D'ailleurs, la récupération ne s'improvise pas non plus. Ce qu'on ingère dans les heures qui suivent un effort long conditionne la vitesse de resynthèse du glycogène, et le timing nutritionnel post-effort mérite la même attention que la préparation d'avant course.

Ce que tu peux mettre en place concrètement dès maintenant

T'as pas besoin d'être coureur professionnel pour bénéficier de cette approche. Voici ce que tu peux faire, quelle que soit ton niveau :

  • Teste ta stratégie nutritionnelle à l'entraînement. Reproduis tes conditions de course lors de tes séances longues. Mange ce que tu compteras manger avant la course, utilise les gels ou aliments que tu emporteras. L'intestin s'adapte, mais il faut lui en donner l'occasion.
  • Quantifie tes apports. Utilise une application pour estimer ta consommation de glucides les jours précédant tes sorties importantes. Vise 8 à 10 g/kg sur les 36 à 48 heures avant une épreuve longue si tu es amateur entraîné.
  • Calcule ton taux de sudation. Fais le test pesée avant/après séance au moins deux fois dans des conditions différentes (chaleur, froid) pour avoir une fourchette réaliste de tes pertes hydriques.
  • Adapte ton repas du matin. Expérimente différents repas pré-effort lors de tes longues sorties du week-end. Note ce qui passe bien, ce qui reste sur l'estomac, ce qui donne de l'énergie sans pic suivi d'une chute.
  • Ne découvre rien le jour J. C'est la règle absolue des pros. Tout ce que tu feras en course, tu l'auras déjà fait à l'entraînement.

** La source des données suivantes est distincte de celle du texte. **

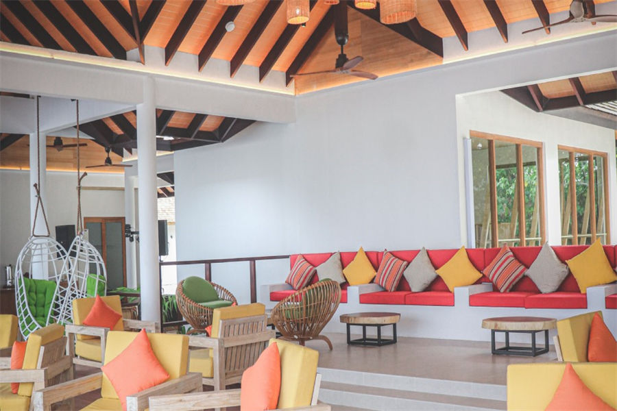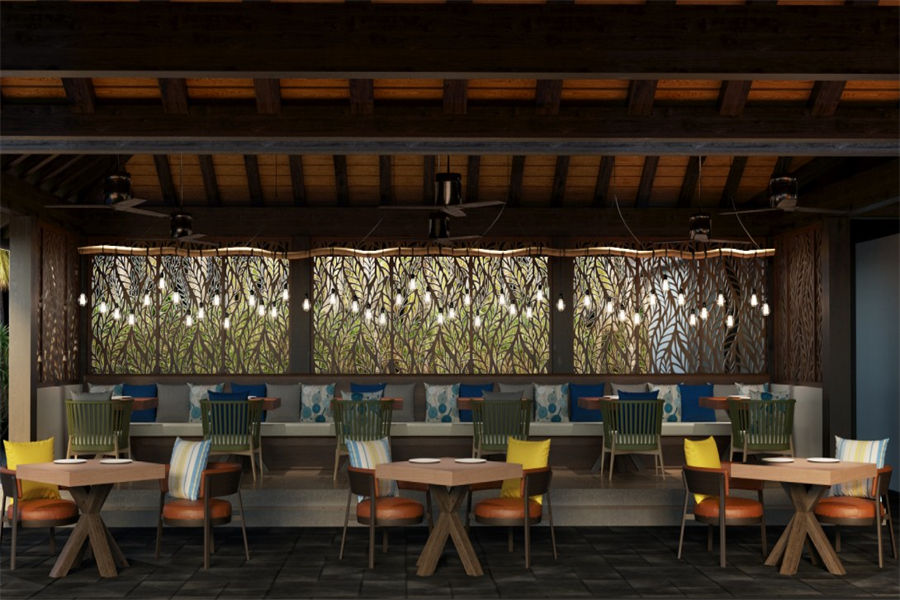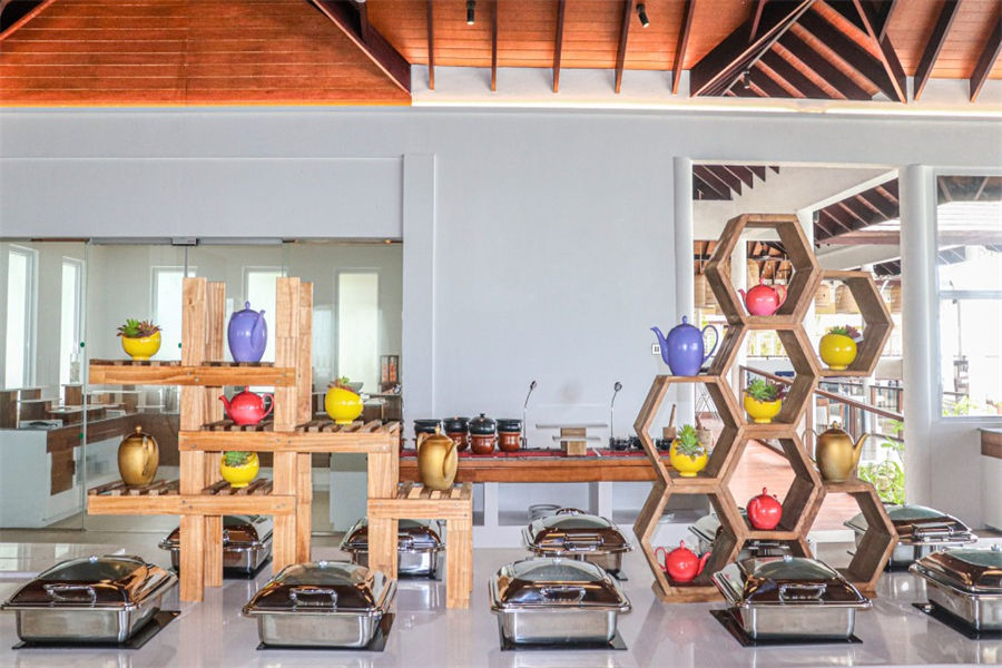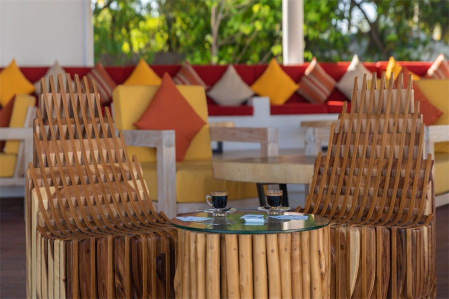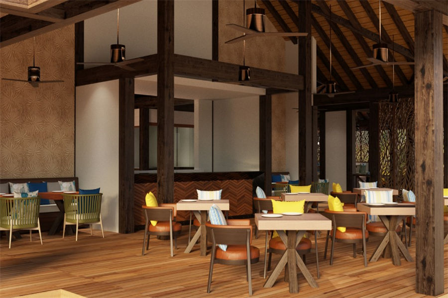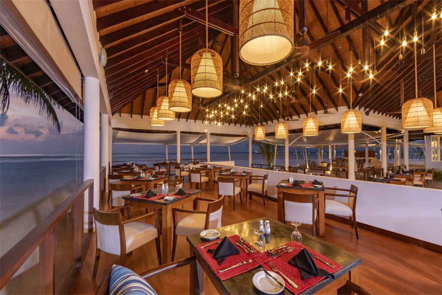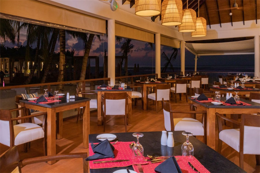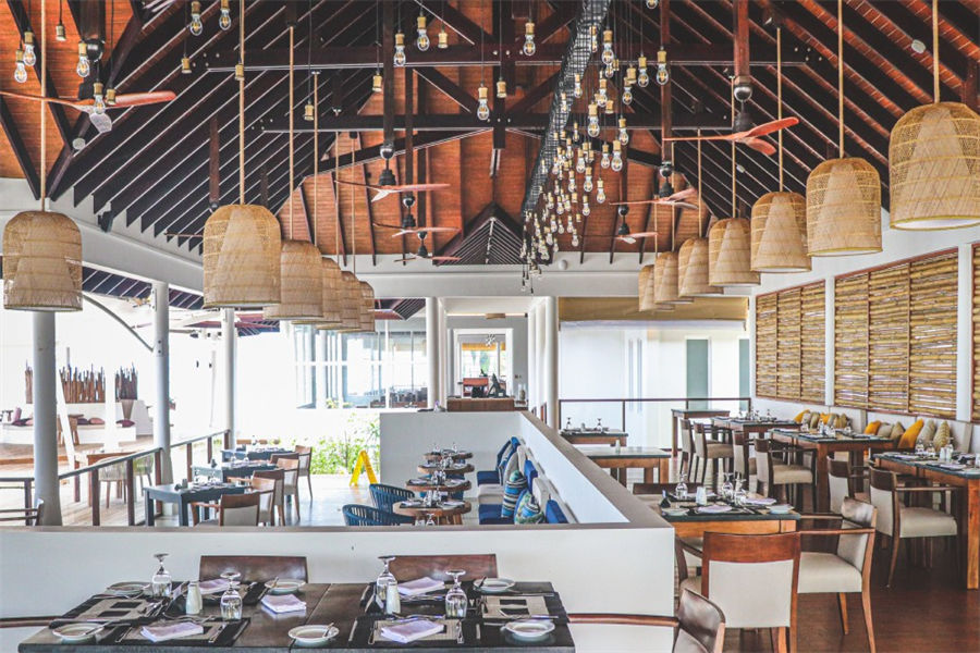餐厅介绍:圆形的Malaafaiy餐厅是主岛的主餐厅。每个房间对应数字相同的餐桌,餐厅环境优美,干净、整洁而且环保。主岛的所有客人都可以享用每天三次的自助餐。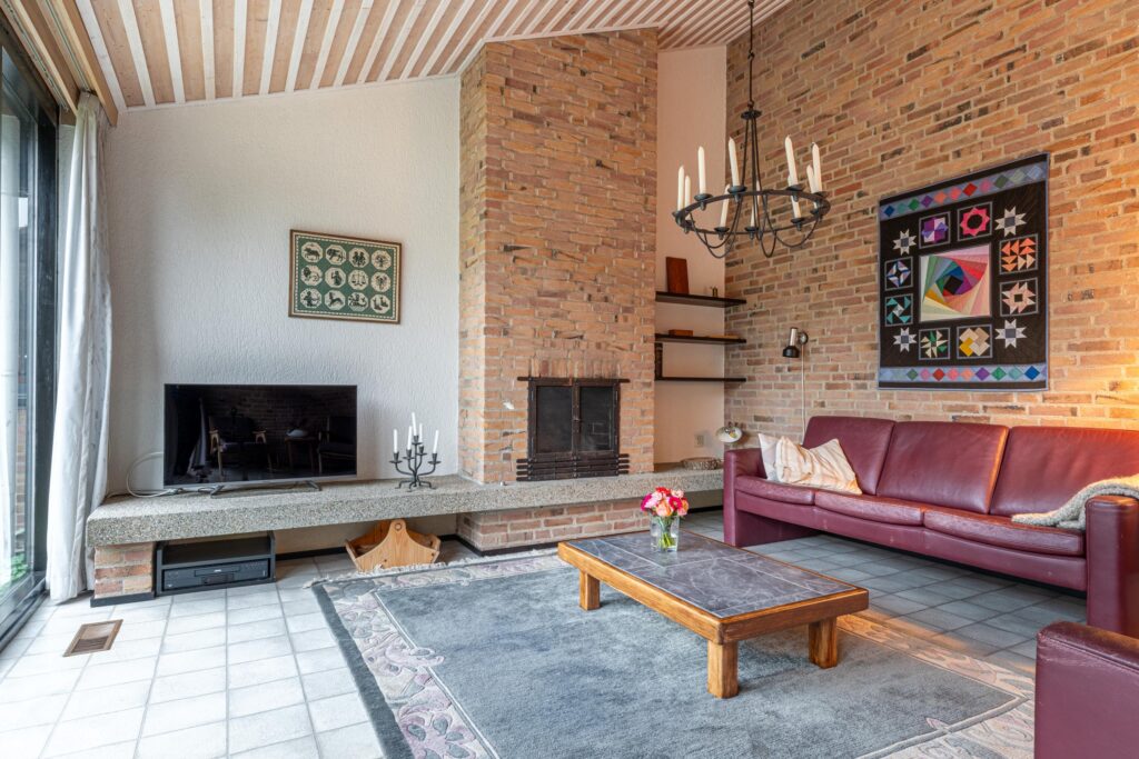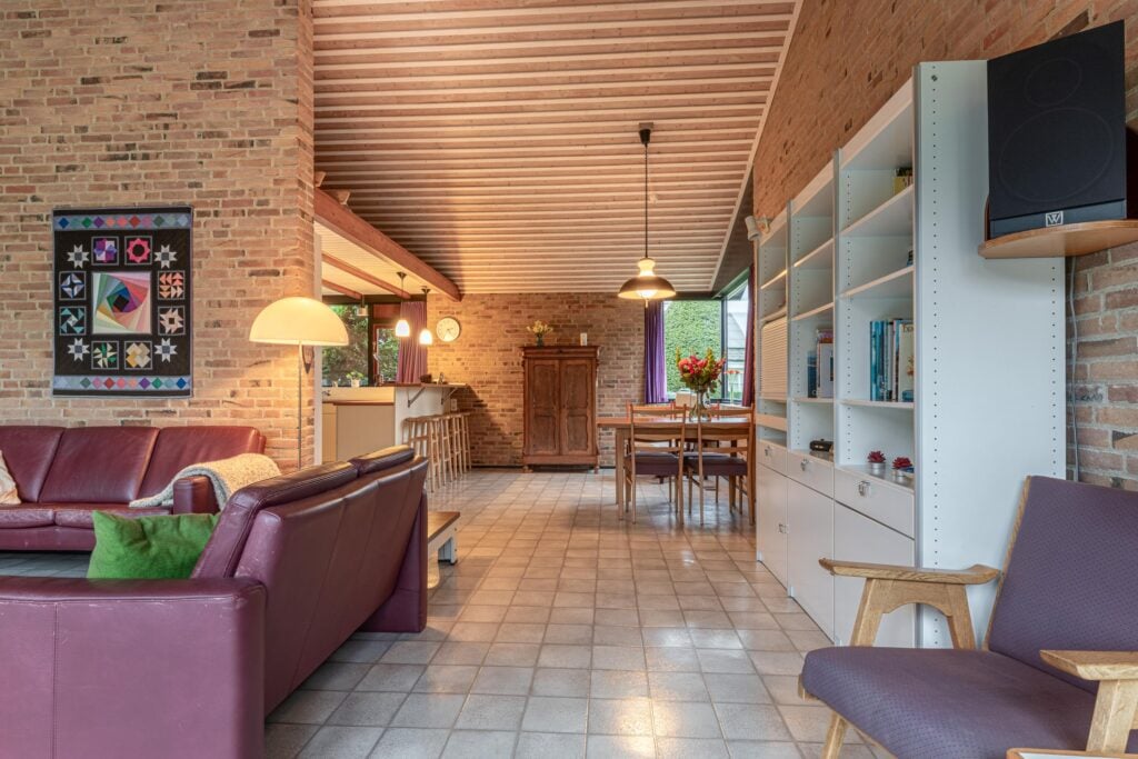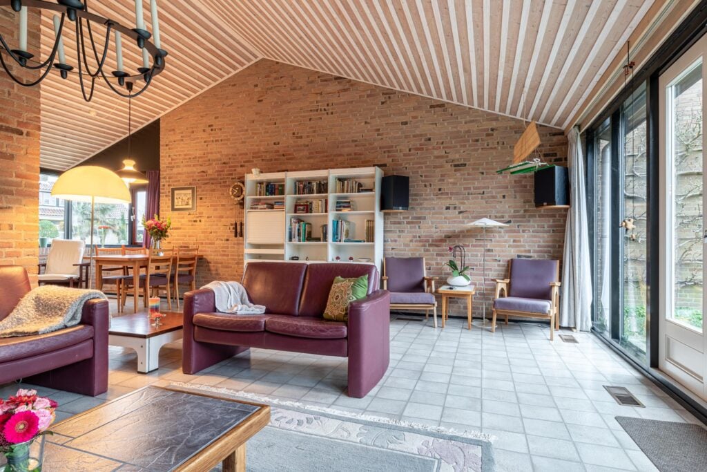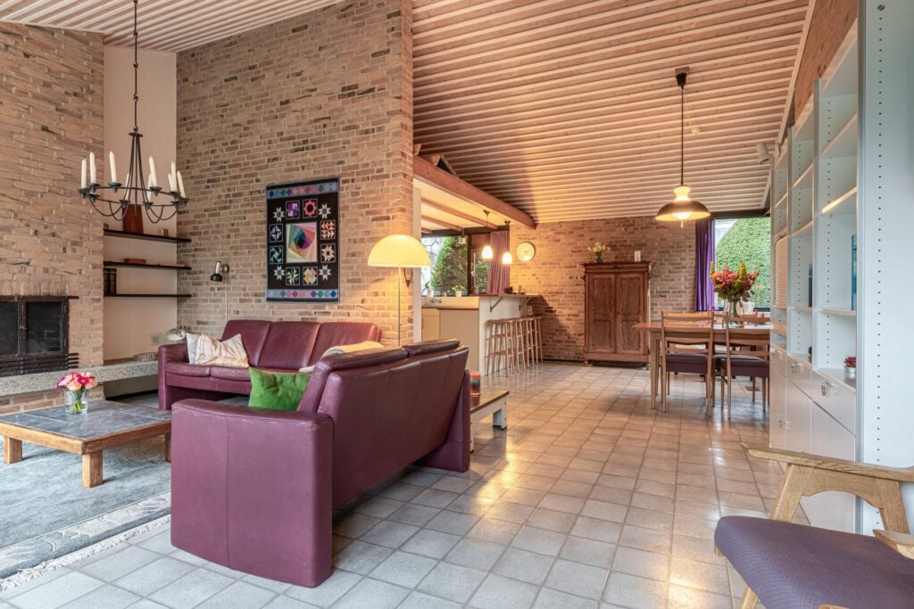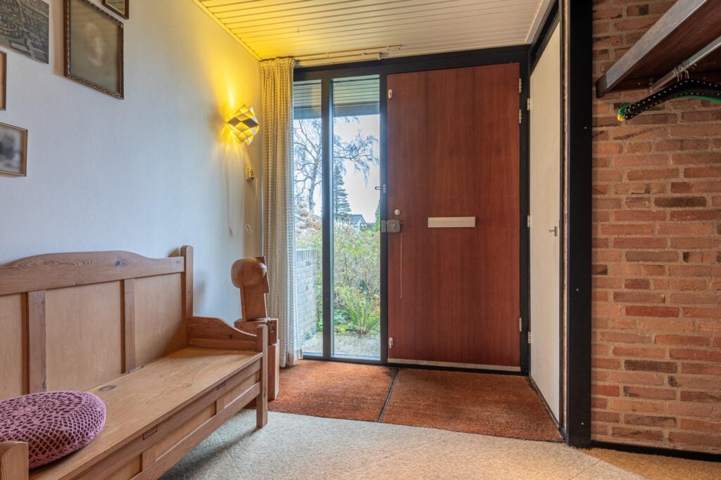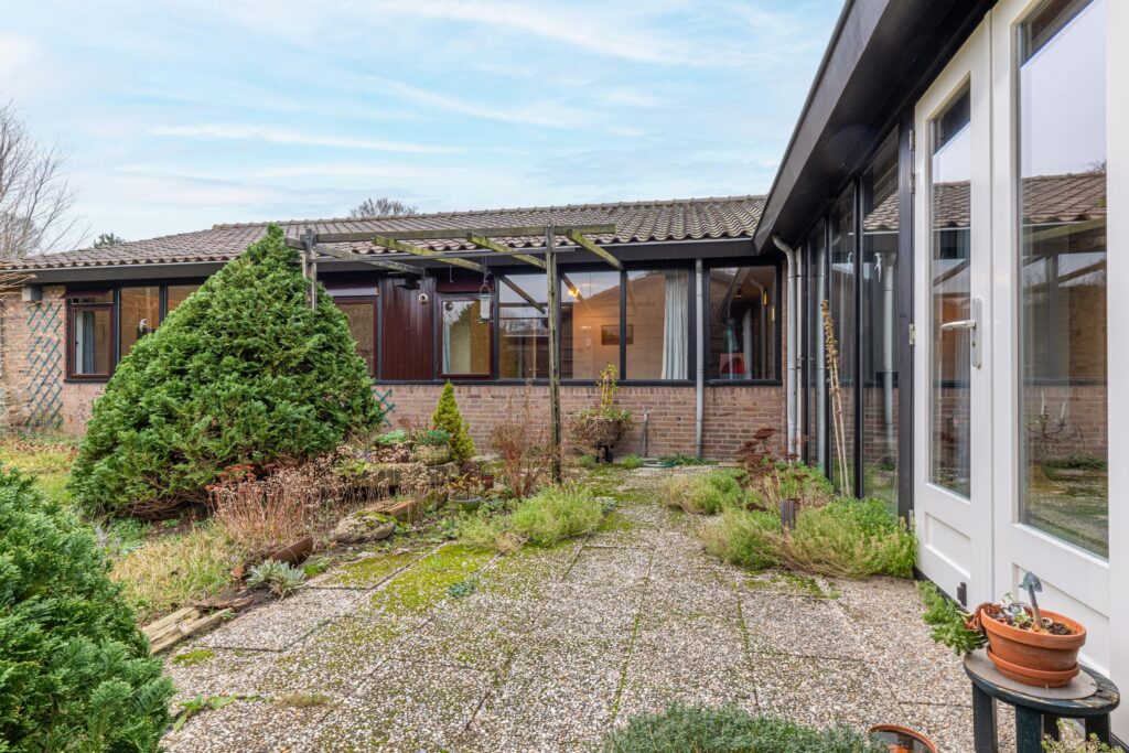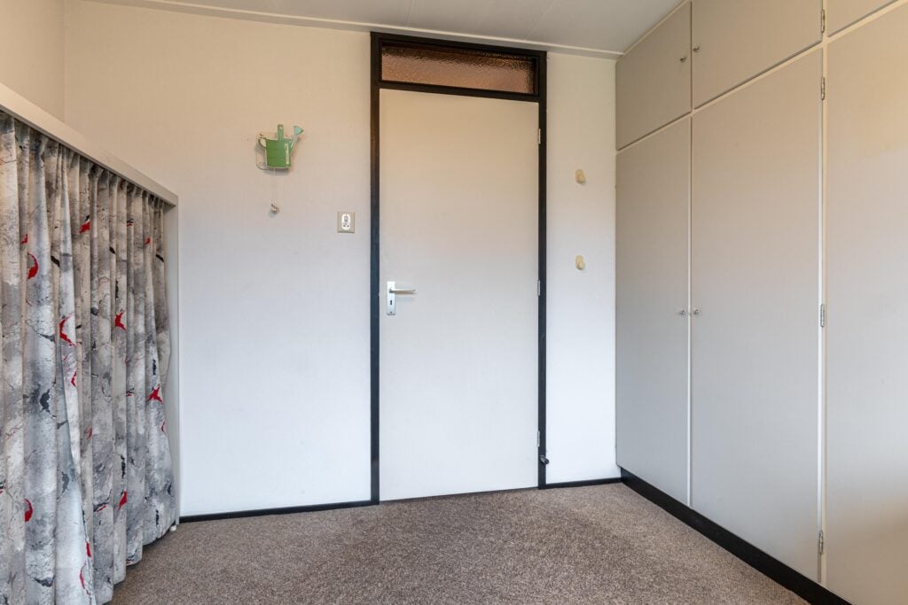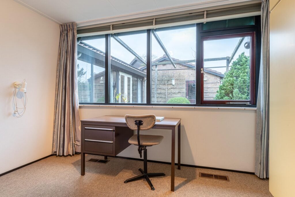 Via de entree kom je binnen in een ruime hal met garderobe, separaat toilet én toegang tot de eerste slaapkamer. Door de hal bereiken we de open keuken met zicht op het eetgedeelte en komen we in de ruime woonkamer. De woonkamer is breed van opzet, met heerlijk grote raampartijen én openslaande deuren, gericht op de royale achtertuin gelegen op het zuidoosten. De open haard vormt een sfeervol middelpunt en maakt de woonkamer tot een knusse ruimte, ideaal voor gezellige avonden thuis. De keuken is praktisch ingericht en biedt volop mogelijkheden om uit te breiden tot een echte woonkeuken of volledig te moderniseren naar eigen smaak. Door het kozijn in de hoek heb je hier een fantastisch zicht op het groen rondom de woning en fijn extra daglicht dat naar binnen valt.

Cette approche rigoureuse de la nutrition d'endurance s'inscrit dans une vision plus large de la performance durable. À l'image de ce que montrent les protocoles de récupération validés en 2026, c'est la cohérence de l'ensemble du système nutritionnel qui fait la différence, pas un seul repas miraculeux.

Et si tu veux aller plus loin dans ta compréhension des mécanismes en jeu, la question de la qualité musculaire et de sa relation avec l'endurance métabolique ouvre des perspectives passionnantes sur la façon dont le corps utilise le carburant glucidique à long terme.

Le timing, c'est pas juste une variable parmi d'autres. C'est le cadre dans lequel tout le reste prend sens. Soigne-le, et tes glucides feront enfin vraiment leur travail.